Saturday, November 29, 2008

Peter Wolf: Come As You Are

Artist: Peter Wolf
Title: Come As You Are
Acquired: Early 1990s from a cut-out bin
Rating: 5/10

This album comes from the peak of the "pop star" portion of Peter Wolf's lengthy recording career. The clues are everywhere: Top 20 hit title track? Check. Synthesizers? Check. Music videos? Check. Liner note pictures showing Peter Wolf in various degrees of shirtlessness? Check. This actually all works reasonably well for what it is, but seeing the formerly goateed J. Geils Band frontman, who once recorded covers of John Lee Hooker and Otis Rush numbers, striking a pop pose is at least moderately incongruous and unsettling, kind of like going on an African safari and seeing a giraffe wearing a bow tie and bowler hat.

That said, the songs here really aren't too bad. Occasionally things get snarled up by the production, as on Blue Avenue, which is drowned in breathy synthesizer faux-vocals, or on Thick as Thieves, featuring a guitar lick that would be pretty exciting if it didn't sound like it were being played to a metronome by a robot.

The lyrics are a hoot - most of the songs here feature either pithy couplets occasionally reminiscent of Mother Goose, or at times a collection of single words or short phrases. There are exceptions, but the cumulative effect suggests that Wolf was to be paid by the word, and a memo came from Accounting that costs would need to be kept down for the next few months in order to meet the third quarter projections.
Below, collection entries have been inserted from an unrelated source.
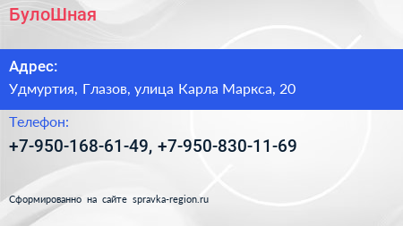 БулоШная по адресу Удмуртия, Глазов, улица Карла Маркса, 20 в дальнейшем Организация, размещена в следующих категориях:
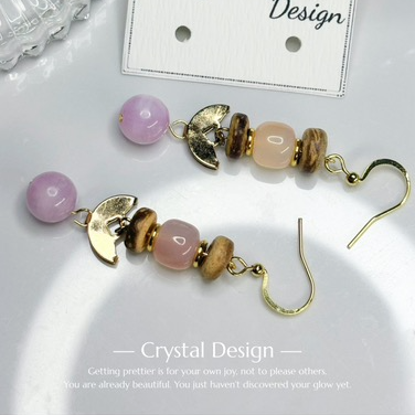 水蜜桃瑪瑙胭脂瑪瑙紫鋰輝耳環
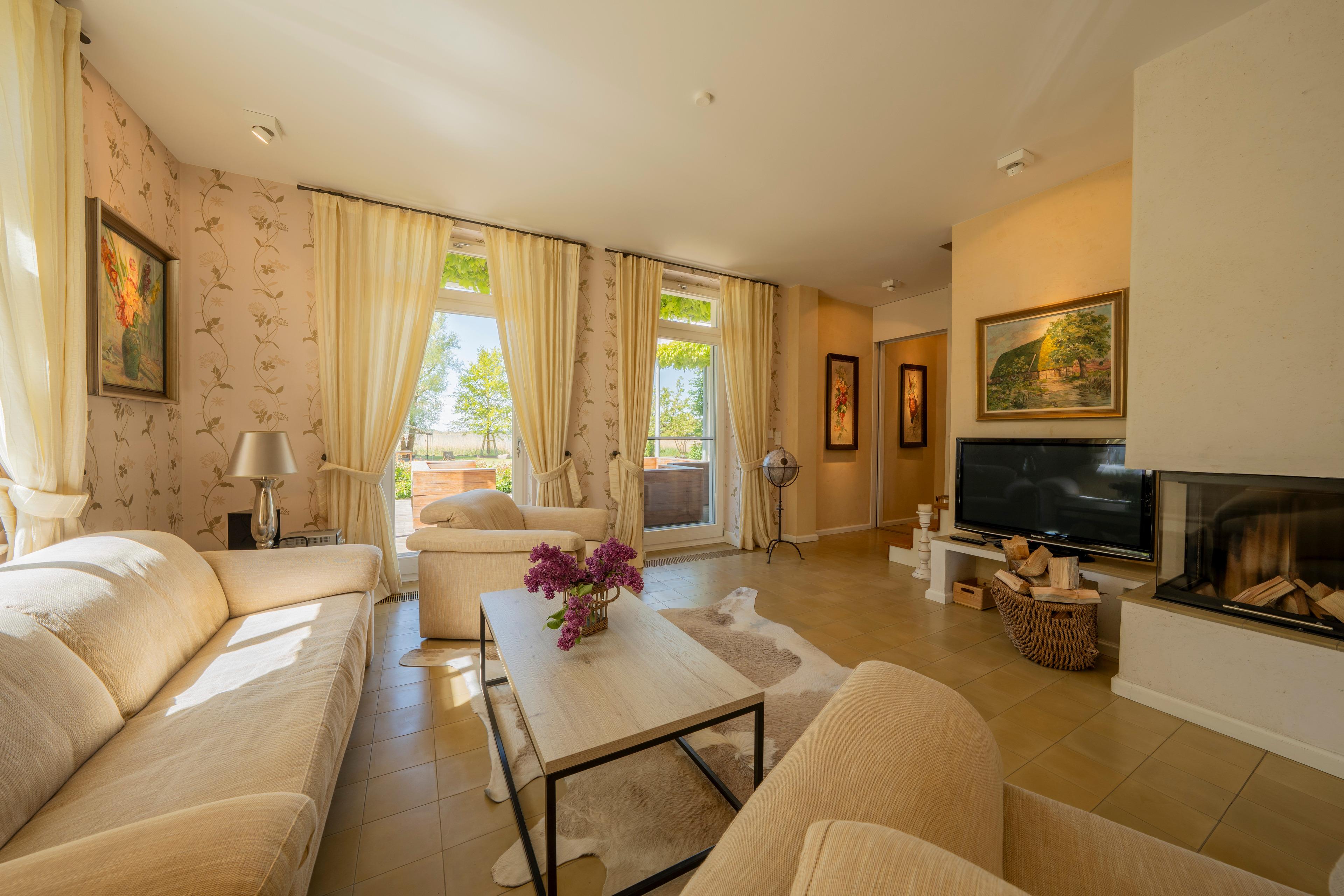 2 großzügige Wohnbereiche mit gemütlicher Sitzgarnitur, TV-Flatscreen und Kamin
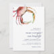 O convite de casamento chic costeiro apresenta uma ilustração de caranguejo vermelho-d-água no canto superior esquerdo, com os detalhes de seu casamento em azul-marinho clássico. Perfeito para praia, verão, ou casamentos náuticos, esses convites de casamento em estilo costeiro invertem para azul marinho sólido.
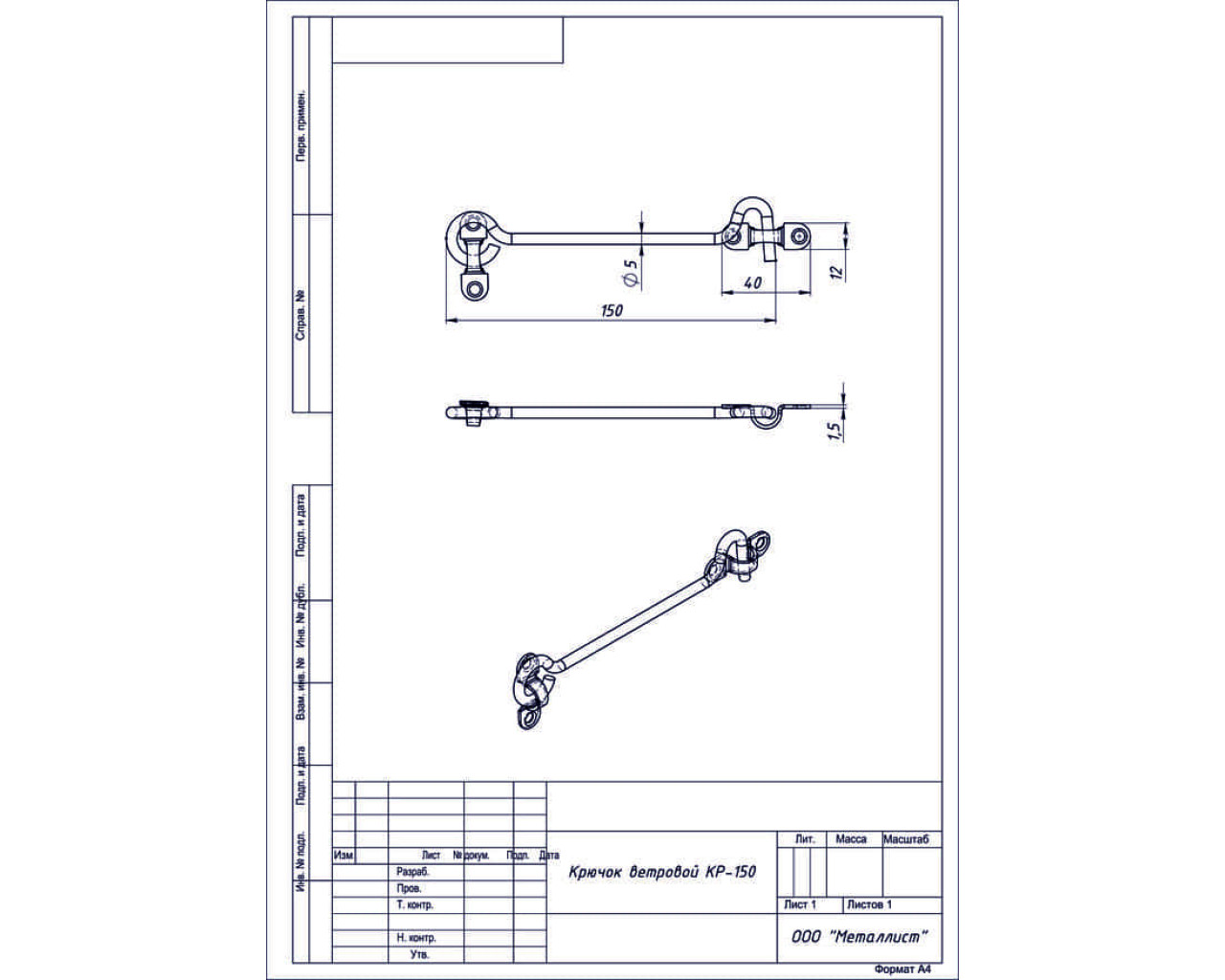 Крючок ветровой КР-150 цинк 14620004508307
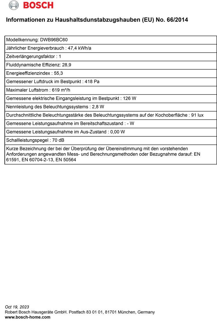 - Geräuschwerte nach EN 60704-2-13 max. Normalstufe Abluftbetrieb: Geräusch, höchste Normal-Stufe: 70 dB dB(A) re 1 pW
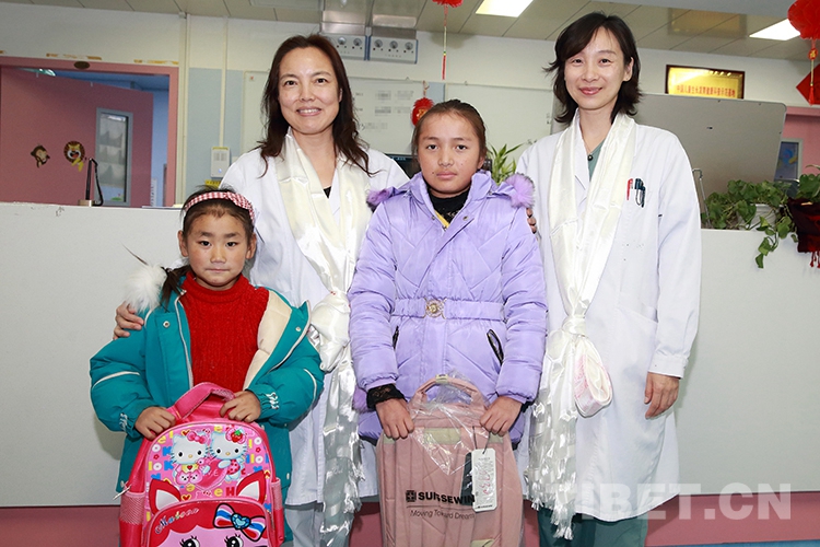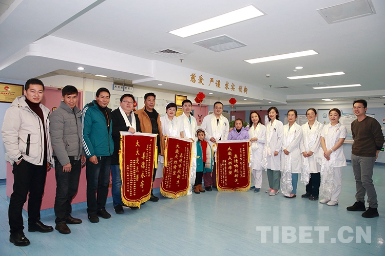 返鄉(xiāng)前,洛桑曲宗和次旦德吉在親屬和小學校長的帶領(lǐng)下來到兒研所,向醫(yī)護人員和共鑄中國心組委會的工作人員獻上了哈達和錦旗,表達感激之情。醫(yī)護人員也向兩個孩子贈送了書包等文具,鼓勵他們回校后好好學習。

I know, I'm saying that like it's a bad thing. There's nothing necessarily wrong with lyrics being childlike - certainly nobody can accuse Wolf of being unnecessarily arty or pretentious. A small sampling of the nursery rhymes found here:

"Times Square
Odd pairs
Red glare
Gotta beware"
- Wind Me Up

"Young and innocent
Innocent for love
Young and restless
Restless for love"
- Mamma Said

"Butchers walking down the street
Thinking I'm a piece of meat
Like to hang me on a hook
Cut me up and call the cook"
- Thick As Thieves

"Cyclorama
Melodrama
And, hey, let's face it, we'd been drinkin', too"
- Love On Ice

"I got caught in a blind man's bluff
Feeling like the odd man out"
- Can't Get Started

All in all, I like this album, even while it fails to amaze or inspire. When I listen to it, I am left mildly entertained (you can quote me on that when the remaster is issued - "Mildly entertaining, raves RDConz!"). So I'm giving it a rating right in the middle of my arbitrary numerical spectrum: 5/10.

Thursday, November 06, 2008

Stiff Little Fingers: The Peel Sessions

Artist: Stiff Little Fingers
Title: The Peel Sessions
Acquired: Early 1990s, probably from The Exclusive Company or B-Side Records
Rating: 4/10

While I rate it slightly better, I would say this CD is actually less necessary than the Adam and the Ants Peel Sessions CD I reviewed a while back. What this CD consists of is mostly inferior versions of non-rarities, so the question becomes "why own it at all?"

There are 3 sessions of 4 songs each on this CD, sequenced in chronological order. We start with four Inflammable Material tracks recorded in 1978, which are then followed by eight Nobody's Heroes tracks recorded in 1979 and 1980. Of these sets, my favorite is the middle four songs. I think the performances and songs are pretty good from that session. It also features the only somewhat-rarity on the disc, an early version of Nobody's Hero with inferior rough-draft lyrics. It's a shame the final revision had not taken place prior to this recording, because this is actually one of two songs on here that I feel are (or would otherwise be) superior to the official album versions. I've never liked the way Jake Burns sang the album version of Nobody's Hero (my wife said she thought it sounded like he was belching - I agree with this assessment. Plus I have some problems with the mixing).

The other song that benefits from a different performance is Doesn't Make it All Right. Again, the vocal performance here is superior to the album version, as the vocals on the final verse are less obnoxiously melodramatic.

Other than that, there's not anything here that you would need to hear if you already owned the first two albums (plus the Straw Dogs single, which is one of the better performances here, but not quite as fiery as the single version). The rendition of Suspect Device may be of interest if you (perhaps justifiably) hate the sound quality of the other recordings, but while it is better in some ways, I think I still prefer the other versions - even the single version that sounds like it was recorded on a portable tape recorder.

So, while this is an ok (not great) CD, it doesn't have much of a purpose. I'm giving it a 4/10.